WORK TO COMPLETE => The answer should hold only the lines from the beginning of the material through the one with "The following table", reproduced exactly and without pictures.

GIVEN DATA =>
== Segment start ==
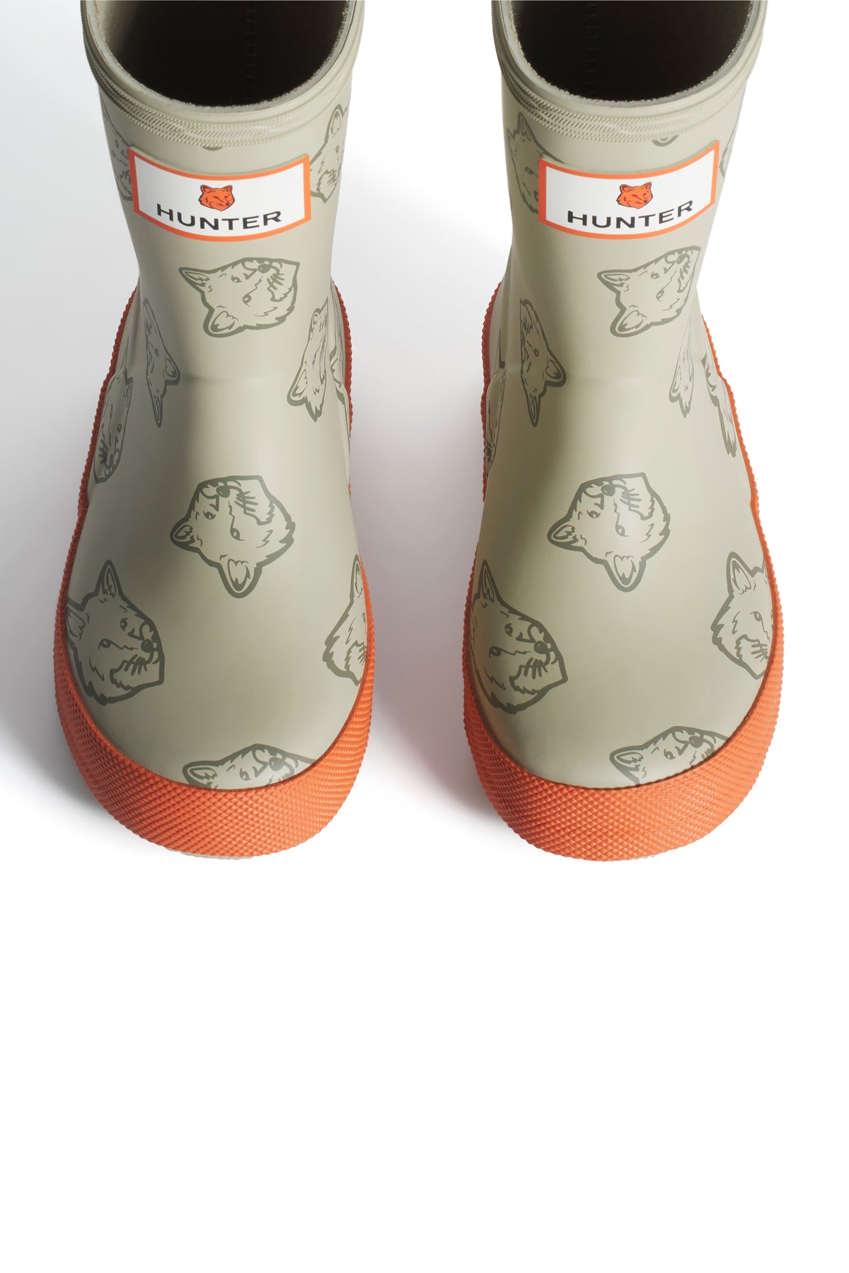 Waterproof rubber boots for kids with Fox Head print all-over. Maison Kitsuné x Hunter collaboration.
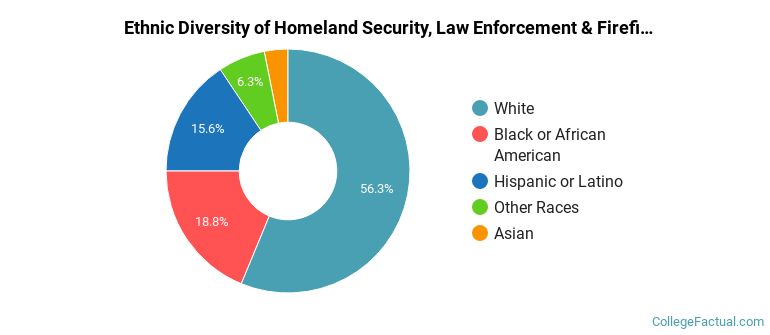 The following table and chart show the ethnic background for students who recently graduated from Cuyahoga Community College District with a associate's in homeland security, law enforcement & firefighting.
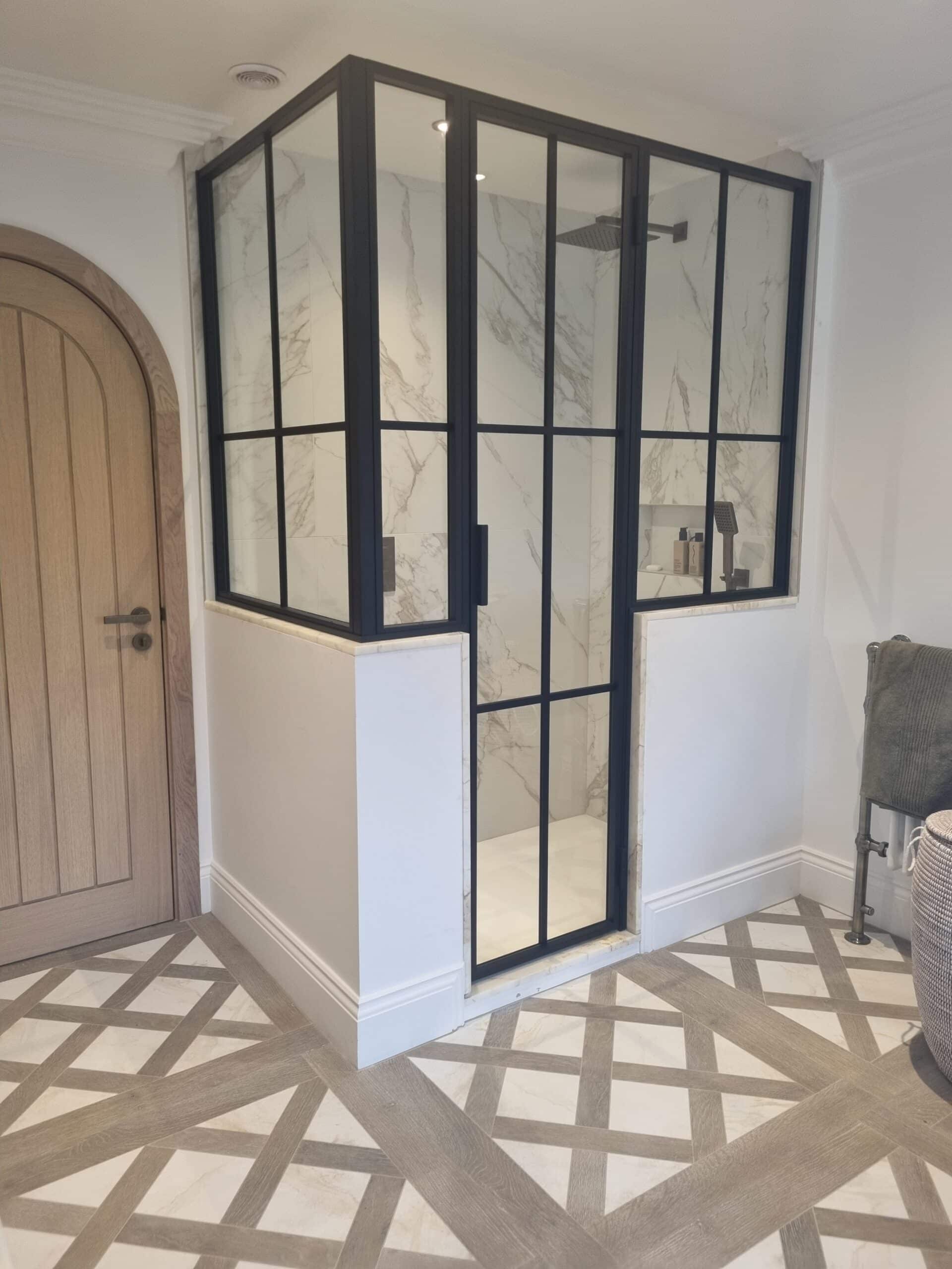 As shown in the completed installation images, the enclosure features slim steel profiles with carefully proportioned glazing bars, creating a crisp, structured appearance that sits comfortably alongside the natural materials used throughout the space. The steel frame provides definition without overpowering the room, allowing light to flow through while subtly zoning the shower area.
== Segment end ==
RESULT OF THE EXERCISE =>
 Waterproof rubber boots for kids with Fox Head print all-over. Maison Kitsuné x Hunter collaboration.
 The following table and chart show the ethnic background for students who recently graduated from Cuyahoga Community College District with a associate's in homeland security, law enforcement & firefighting.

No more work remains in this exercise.